··· Information provided

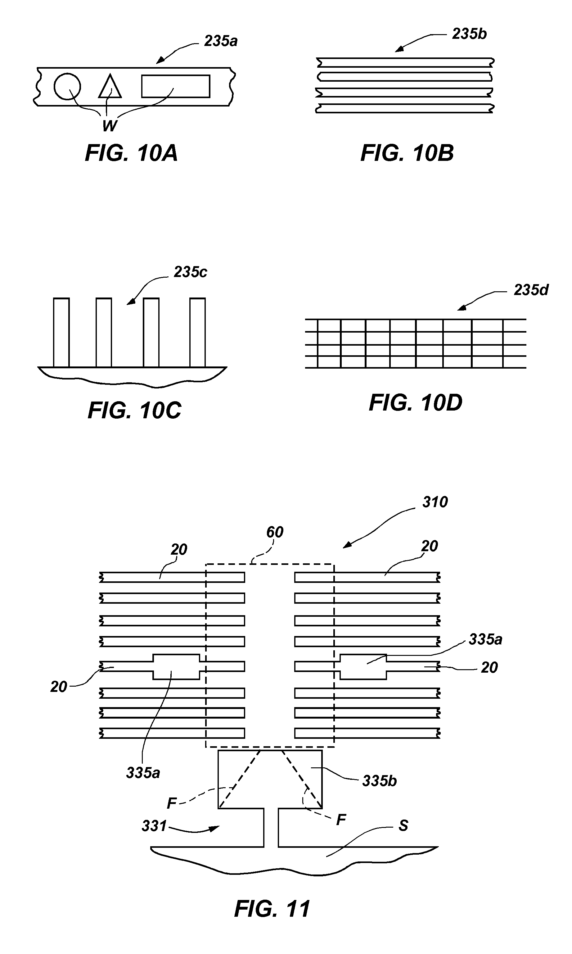 In a particular embodiment, baffles 235 are thin walls of rectangular cross-section and of lesser height than a distance between a surface of substrate 210 and the wall of a mold member extending thereover. In other embodiments, baffles 235 may exhibit a trapezoidal or a triangular cross-section, or any other geometric shape. Baffles 235 may also comprise horizontal rods as depicted in FIG. 10B, or laterally spaced vertical posts or struts as depicted in FIG. 10C, horizontally or vertically oriented spaced wires, wire mesh as depicted in FIG. 10D, or combinations thereof. Baffles 235 may comprise any structure suitable for retarding or directing the flow of a resin 270. Baffles 235 may have any height, width, or thickness necessary. Baffles 235 may specifically include, without limitation, any of the structures discussed with respect to baffles 175, 165, 135, 55, 35, or 25.
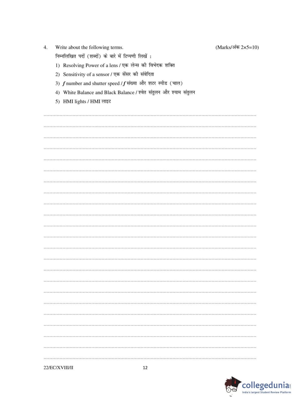 FTII Entrance Exam 2018 PG Certificate Course in Electronic Cinematography Question Paper with Answer Key PDFs
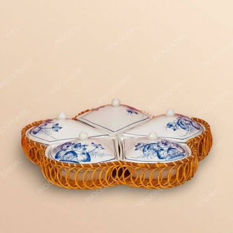 Bộ sản phẩm gồm 4 hũ đựng mứt đặt trên khay mây đan hình hoa khế độc đáo. Mỗi hũ được chế tác từ gốm sứ Bát Tràng cao cấp, nung ở nhiệt độ cao, đảm bảo độ bền chắc, an toàn trong quá trình sử dụng. Họa tiết sen xanh vẽ tay mềm mại, sắc nét giúp bộ khay mứt mang nét đẹp thanh khiết, trang nhã và rất phù hợp với không gian ngày Tết. Mỗi chi tiết đều được nghệ nhân hoàn thiện thủ công, tạo nên sản phẩm không chỉ dùng để đựng bánh kẹo, hạt khô mà còn có giá trị thẩm mỹ và trưng bày cao.
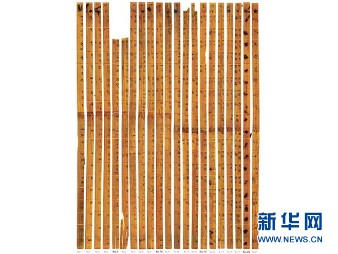 資料圖片:清華大學收藏的戰(zhàn)國竹簡《算表》,經認證為“最早的十進制乘法表”。(吉尼斯世界紀錄供圖)
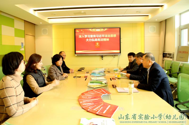 “宪法晨读”活动结束后,刘俊才、赵立辉、夏贞鹏等同志与省实验小学(幼儿园)党总支书记、校长(园长)苗建,第一支部书记、副校长(副园长)郑国栋及相关干部教师进行座谈交流,开展了以“深入学习宣传习近平法治思想,大力弘扬宪法精神”为主题的主题党日活动。
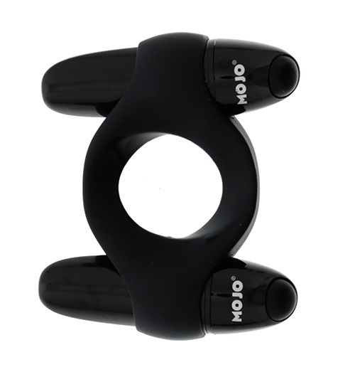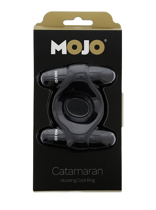 Чёрное эрекционное кольцо с 2 виброэлементами MOJO CATAMARAN. Внутренний диаметр - 2,2 см.
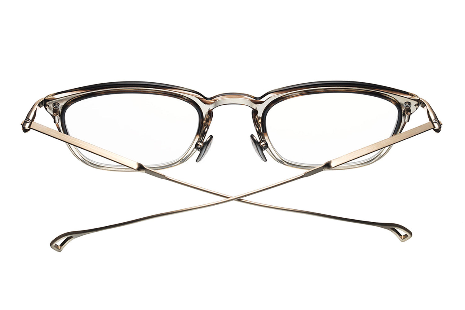Acetate material cut to 3.7mm thick and 2.3mm thin is supported from the back by 0.6mm thick β titanium. The texture of the different materials creates a contrast, and not only the beautiful colors, but also the expression with depth and floating feeling. Despite its slim design, the lightweight and highly durable β-titanium material provides excellent strength and comfort. The beauty of the joints of different materials speaks to the sophistication required for combination frames.
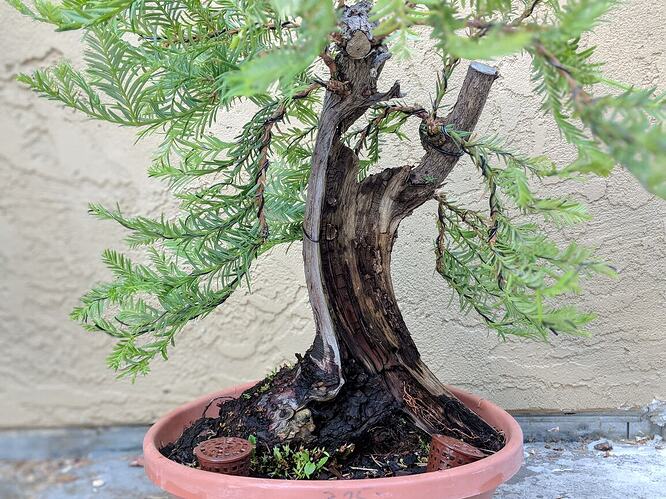 Hi everyone! I was recently lucky enough to pick up a collected redwood from the Mendocino Coast Bonsai guys (Bob, specifically) at the REBS 2018 show. It is the first unstyled redwood I’ve purchased, and it is a doozy. I was hoping everyone would provide their opinions on what the right direction would be just in case I was missing some awesome opportunity/direction.
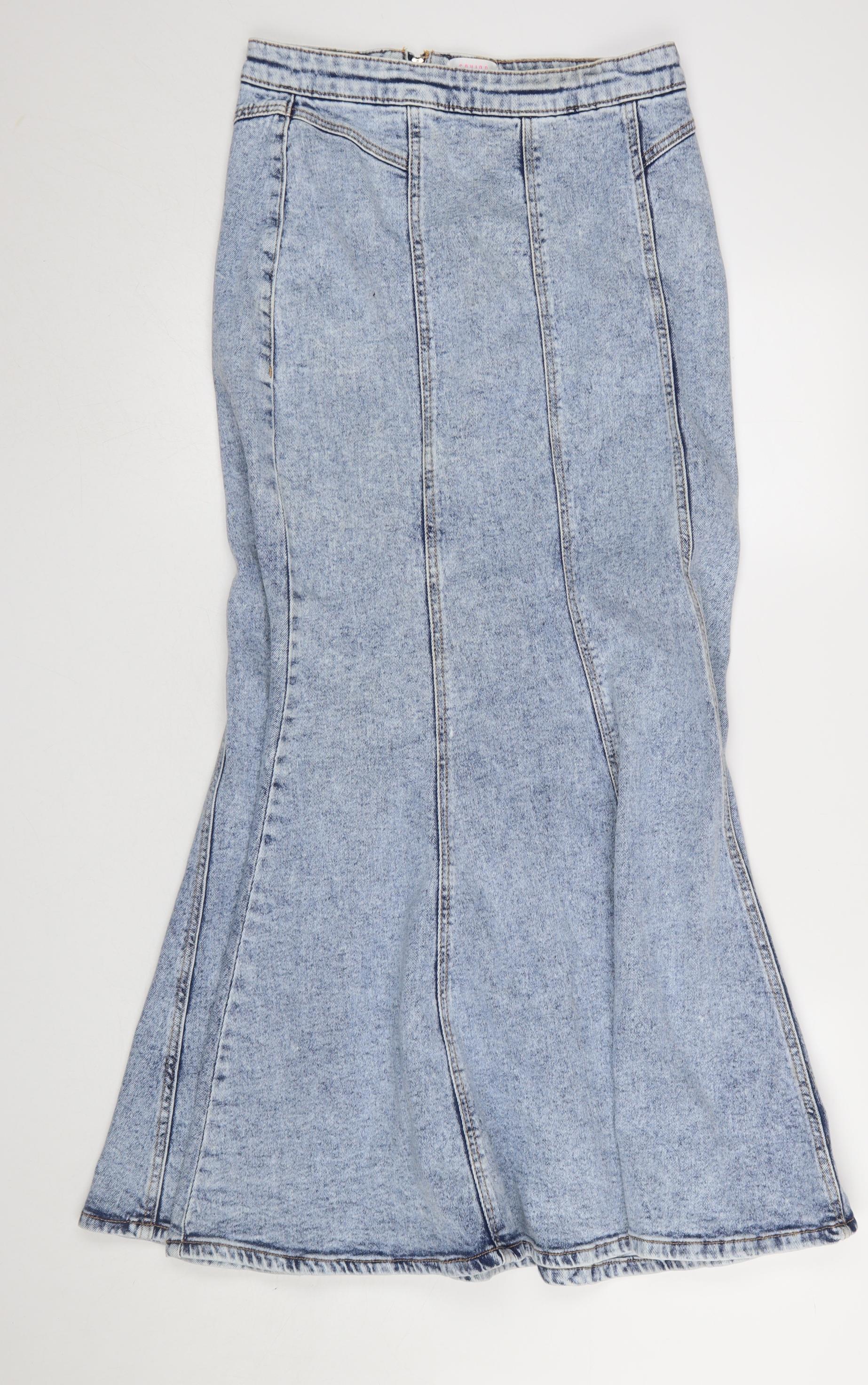 Step into effortless style with this stunning Savida women's flared denim midi skirt, perfect for a chic and casual look that transitions seamlessly through the seasons. Crafted from a premium blend of 99% cotton and 1% elastane, this skirt offers a comfortable fit with just the right amount of stretch, ensuring ease of movement and all-day wearability. The soft, lightweight denim fabric brings a timeless appeal that pairs beautifully with a variety of tops, from crisp white shirts to relaxed tees. The skirt features a flattering flare silhouette that enhances the natural shape, while the mid-rise waistband provides a classic yet modern fit. The subtle seam detailing elongates the figure and adds structure to the design. Completed with a secure zip closure, this midi-length skirt falls gracefully below the knee, making it a versatile and elegant option for both everyday wear and smart-casual occasions. Perfect for spring, summer, and autumn, this Savida denim skirt can be dressed up with heels and a blouse or kept relaxed with trainers and a tucked-in t-shirt. The quality cotton composition ensures breathability, while the gentle elastane blend allows for comfortable wear throughout the day. With its effortless design and durable construction, this skirt is an ideal choice for women who appreciate both style and practicality. In excellent pre-loved condition, this denim skirt shows minimal signs of wear and no visible flaws, ready to add a touch of casual sophistication to your wardrobe. Whether for weekend outings, brunch with friends, or casual office days, this Savida flared skirt delivers timeless charm and easy styling in one versatile piece.
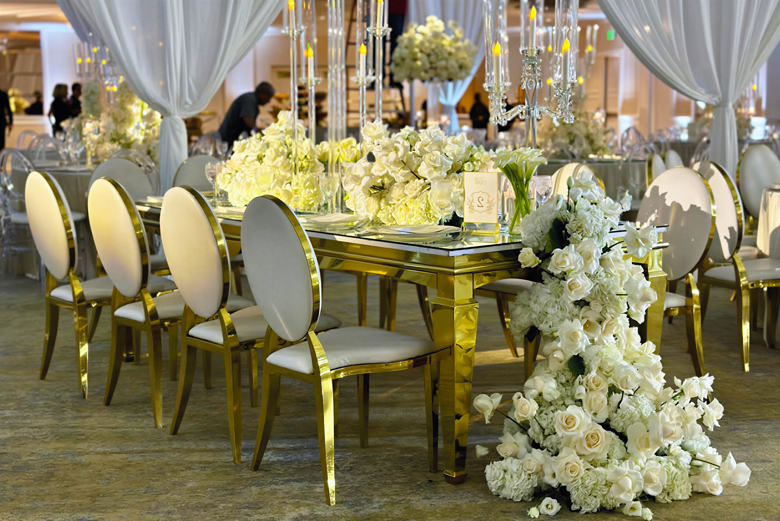 Discover a complete range of glassware and tableware options, including elegant wine and cocktail glasses, dinner plates, stylish chargers, and flatware.
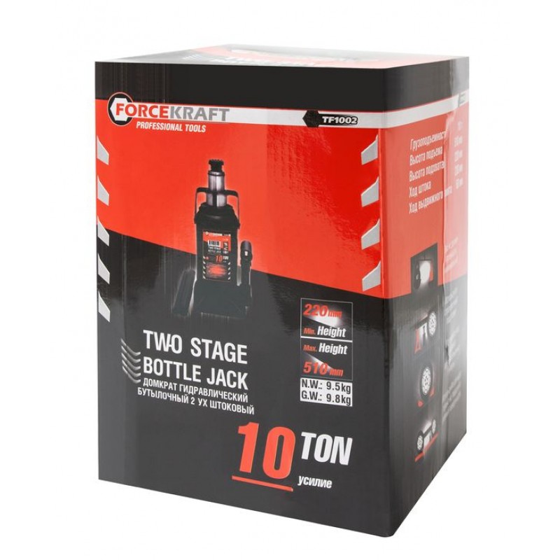26590 FK-TF1002 Домкрат бутылочный FORCEKRAFT 10т с клапаном двухштоковый
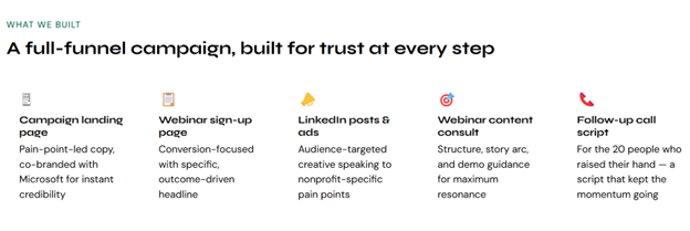 So we built the entire campaign around four things nonprofits actually lose sleep over: We went back to fundamentals: What do nonprofit people actually lose sleep over? Not AI capabilities. Not Microsoft licensing. This:
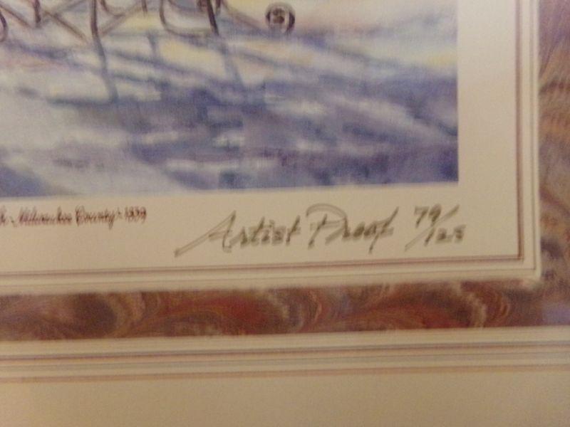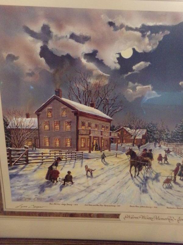 "WARM WINTER MEMORIES" PRINT BY ARTIST LYNN CASPER, SIGNED AND NUMBERED 79/125. IT IS IN GOOD CONDITION. MEASURES 23-3/4" x 37-1/2"

······

How to complete this task: Output each record above exactly as written. Skip any pictures.

Reply:
 In a particular embodiment, baffles 235 are thin walls of rectangular cross-section and of lesser height than a distance between a surface of substrate 210 and the wall of a mold member extending thereover. In other embodiments, baffles 235 may exhibit a trapezoidal or a triangular cross-section, or any other geometric shape. Baffles 235 may also comprise horizontal rods as depicted in FIG. 10B, or laterally spaced vertical posts or struts as depicted in FIG. 10C, horizontally or vertically oriented spaced wires, wire mesh as depicted in FIG. 10D, or combinations thereof. Baffles 235 may comprise any structure suitable for retarding or directing the flow of a resin 270. Baffles 235 may have any height, width, or thickness necessary. Baffles 235 may specifically include, without limitation, any of the structures discussed with respect to baffles 175, 165, 135, 55, 35, or 25.
 FTII Entrance Exam 2018 PG Certificate Course in Electronic Cinematography Question Paper with Answer Key PDFs
 Bộ sản phẩm gồm 4 hũ đựng mứt đặt trên khay mây đan hình hoa khế độc đáo. Mỗi hũ được chế tác từ gốm sứ Bát Tràng cao cấp, nung ở nhiệt độ cao, đảm bảo độ bền chắc, an toàn trong quá trình sử dụng. Họa tiết sen xanh vẽ tay mềm mại, sắc nét giúp bộ khay mứt mang nét đẹp thanh khiết, trang nhã và rất phù hợp với không gian ngày Tết. Mỗi chi tiết đều được nghệ nhân hoàn thiện thủ công, tạo nên sản phẩm không chỉ dùng để đựng bánh kẹo, hạt khô mà còn có giá trị thẩm mỹ và trưng bày cao.
 資料圖片:清華大學收藏的戰(zhàn)國竹簡《算表》,經認證為“最早的十進制乘法表”。(吉尼斯世界紀錄供圖)
 “宪法晨读”活动结束后,刘俊才、赵立辉、夏贞鹏等同志与省实验小学(幼儿园)党总支书记、校长(园长)苗建,第一支部书记、副校长(副园长)郑国栋及相关干部教师进行座谈交流,开展了以“深入学习宣传习近平法治思想,大力弘扬宪法精神”为主题的主题党日活动。
 Чёрное эрекционное кольцо с 2 виброэлементами MOJO CATAMARAN. Внутренний диаметр - 2,2 см.
Acetate material cut to 3.7mm thick and 2.3mm thin is supported from the back by 0.6mm thick β titanium. The texture of the different materials creates a contrast, and not only the beautiful colors, but also the expression with depth and floating feeling. Despite its slim design, the lightweight and highly durable β-titanium material provides excellent strength and comfort. The beauty of the joints of different materials speaks to the sophistication required for combination frames.
 Hi everyone! I was recently lucky enough to pick up a collected redwood from the Mendocino Coast Bonsai guys (Bob, specifically) at the REBS 2018 show. It is the first unstyled redwood I’ve purchased, and it is a doozy. I was hoping everyone would provide their opinions on what the right direction would be just in case I was missing some awesome opportunity/direction.
 Step into effortless style with this stunning Savida women's flared denim midi skirt, perfect for a chic and casual look that transitions seamlessly through the seasons. Crafted from a premium blend of 99% cotton and 1% elastane, this skirt offers a comfortable fit with just the right amount of stretch, ensuring ease of movement and all-day wearability. The soft, lightweight denim fabric brings a timeless appeal that pairs beautifully with a variety of tops, from crisp white shirts to relaxed tees. The skirt features a flattering flare silhouette that enhances the natural shape, while the mid-rise waistband provides a classic yet modern fit. The subtle seam detailing elongates the figure and adds structure to the design. Completed with a secure zip closure, this midi-length skirt falls gracefully below the knee, making it a versatile and elegant option for both everyday wear and smart-casual occasions. Perfect for spring, summer, and autumn, this Savida denim skirt can be dressed up with heels and a blouse or kept relaxed with trainers and a tucked-in t-shirt. The quality cotton composition ensures breathability, while the gentle elastane blend allows for comfortable wear throughout the day. With its effortless design and durable construction, this skirt is an ideal choice for women who appreciate both style and practicality. In excellent pre-loved condition, this denim skirt shows minimal signs of wear and no visible flaws, ready to add a touch of casual sophistication to your wardrobe. Whether for weekend outings, brunch with friends, or casual office days, this Savida flared skirt delivers timeless charm and easy styling in one versatile piece.
 Discover a complete range of glassware and tableware options, including elegant wine and cocktail glasses, dinner plates, stylish chargers, and flatware.
26590 FK-TF1002 Домкрат бутылочный FORCEKRAFT 10т с клапаном двухштоковый
 So we built the entire campaign around four things nonprofits actually lose sleep over: We went back to fundamentals: What do nonprofit people actually lose sleep over? Not AI capabilities. Not Microsoft licensing. This:
 "WARM WINTER MEMORIES" PRINT BY ARTIST LYNN CASPER, SIGNED AND NUMBERED 79/125. IT IS IN GOOD CONDITION. MEASURES 23-3/4" x 37-1/2"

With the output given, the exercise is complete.